Each line from the one that holds "HDI格付けレポート表紙" to the end of the records is to be retyped exactly. Pictures are not part of the copy.

══ PROVIDED RECORDS

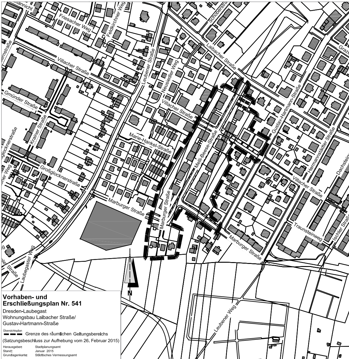
Vorhaben- und Erschließungsplan Nr. 541 Dresden-Laubegast Wohnungsbau Laibacher Straße/ Gustav-Hartmann-Straße Übersichtsplan --- Grenze des räumlichen Geltungsbereichs (Satzungsbeschluss zur Aufhebung vom 26. Februar 2015) Herausgeber: Stadtplanungsamt Stand: Januar 2015 Grundlagenkarte: Städtisches Vermessungsamt
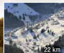
22 km Pec pod Sněžkou
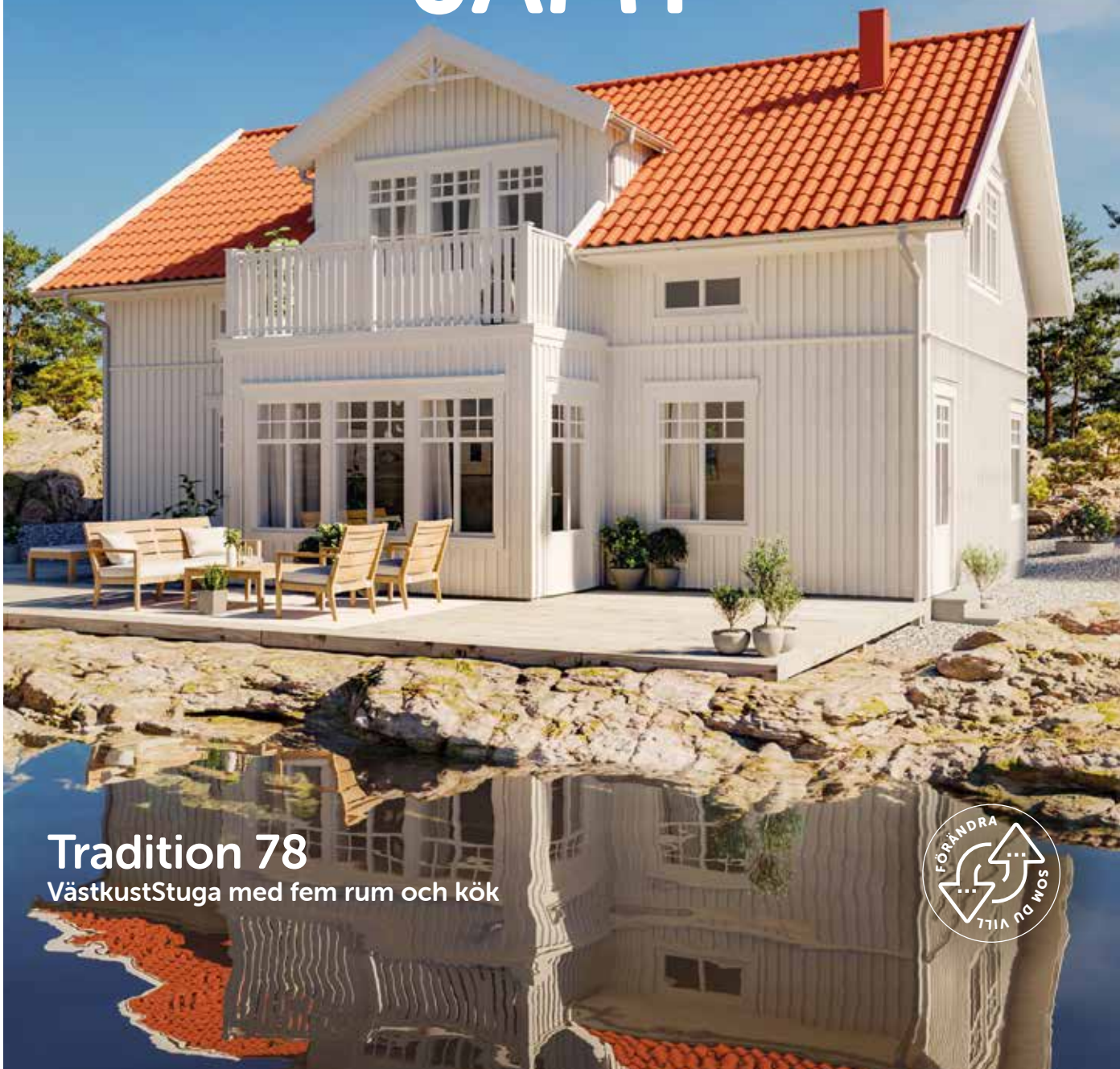
Tradition 78 Väst kustStuga med fem rum och kök
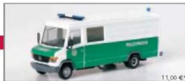
045797 MB Vario Kasten „Polizei Dresden“
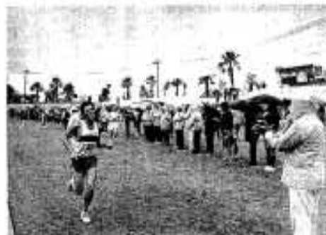
多くの人の拍手に迎えられて
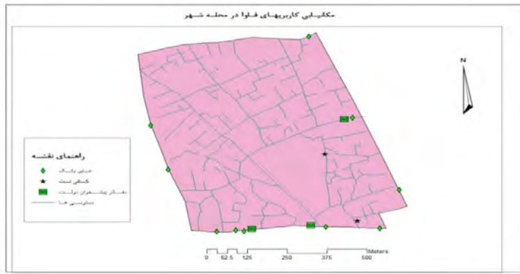
شکل ۸: نقشه مکانیابی کاربری‌های فاوا در محله شهر، نگارندگان، ۱۳۹۲
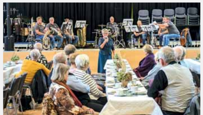
... mit Gästen und den Musikanten von BergBlech
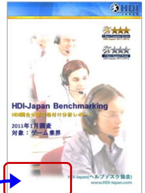
HDI格付けレポート表紙
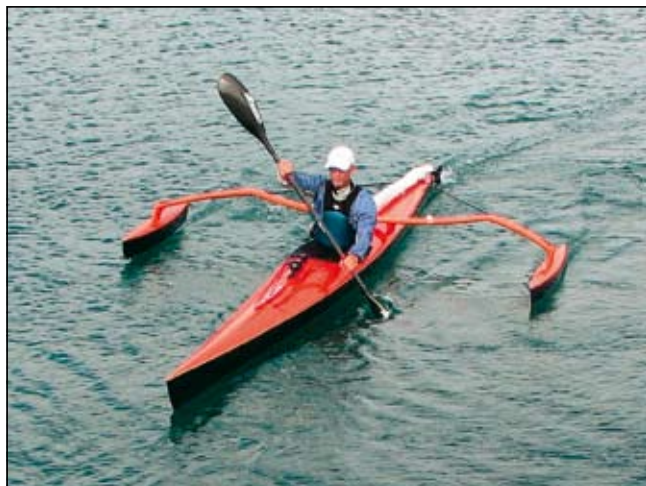
Slika 7. Uporaba: veslanje
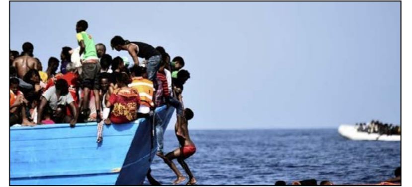
کمیساریای عالی پناهندگان سازمان ملل می‌گوید که در طول سال جاری میلادی تا کنون بیش از سه هزار نفر از مهاجرانی که تلاش می‌کردند با عبور از دریای مدیترانه خود را به اروپا برسانند، در این دریا غرق شده‌اند

داشته است و هنوز دو ماه تا پایان سال باقی مانده است.
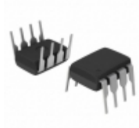
6N135-020E Broadcom Limited OPTOISO 5KV TRANS W/BASE 8DIP
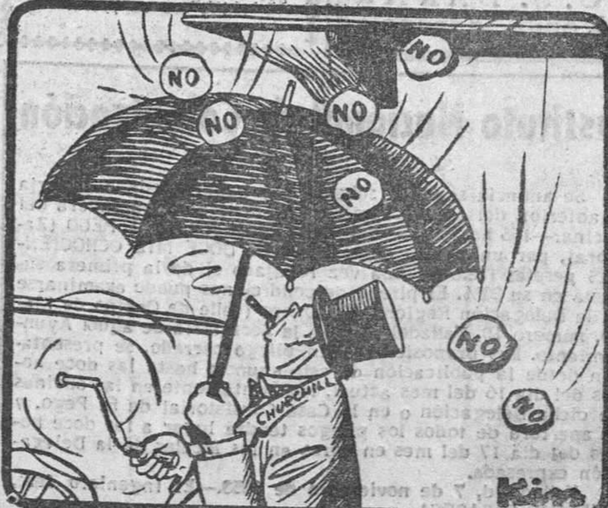
—¡Para qué te voy a dar más vueltas! ¡Ya está bien claro que me mandan con la música a otra parte!
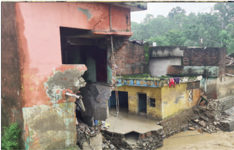
पनियाली गदरे के उफान से कौड़िया बस्ती में धराशायी हुआ भवन का हिस्सा

जयन्त प्रतिनिधि। कोटद्वार : मंगलवार दोपहर से बुधवार सुबह आठ बजे तक लगातार चली वर्षा नगर क्षेत्र में कहरबनकर टूटी। नदी-नाले उफान पर आने से जगह-जगह तबाही के मंजर दिखाई दिए। गिर्वस्रोत व पनियाली गदरे ने नगर क्षेत्र में सबसे अधिक तबाही मचाई।

════

EXERCISE OUTPUT |
HDI格付けレポート表紙
Slika 7. Uporaba: veslanje
کمیساریای عالی پناهندگان سازمان ملل می‌گوید که در طول سال جاری میلادی تا کنون بیش از سه هزار نفر از مهاجرانی که تلاش می‌کردند با عبور از دریای مدیترانه خود را به اروپا برسانند، در این دریا غرق شده‌اند

داشته است و هنوز دو ماه تا پایان سال باقی مانده است.
6N135-020E Broadcom Limited OPTOISO 5KV TRANS W/BASE 8DIP
—¡Para qué te voy a dar más vueltas! ¡Ya está bien claro que me mandan con la música a otra parte!
पनियाली गदरे के उफान से कौड़िया बस्ती में धराशायी हुआ भवन का हिस्सा

जयन्त प्रतिनिधि। कोटद्वार : मंगलवार दोपहर से बुधवार सुबह आठ बजे तक लगातार चली वर्षा नगर क्षेत्र में कहरबनकर टूटी। नदी-नाले उफान पर आने से जगह-जगह तबाही के मंजर दिखाई दिए। गिर्वस्रोत व पनियाली गदरे ने नगर क्षेत्र में सबसे अधिक तबाही मचाई।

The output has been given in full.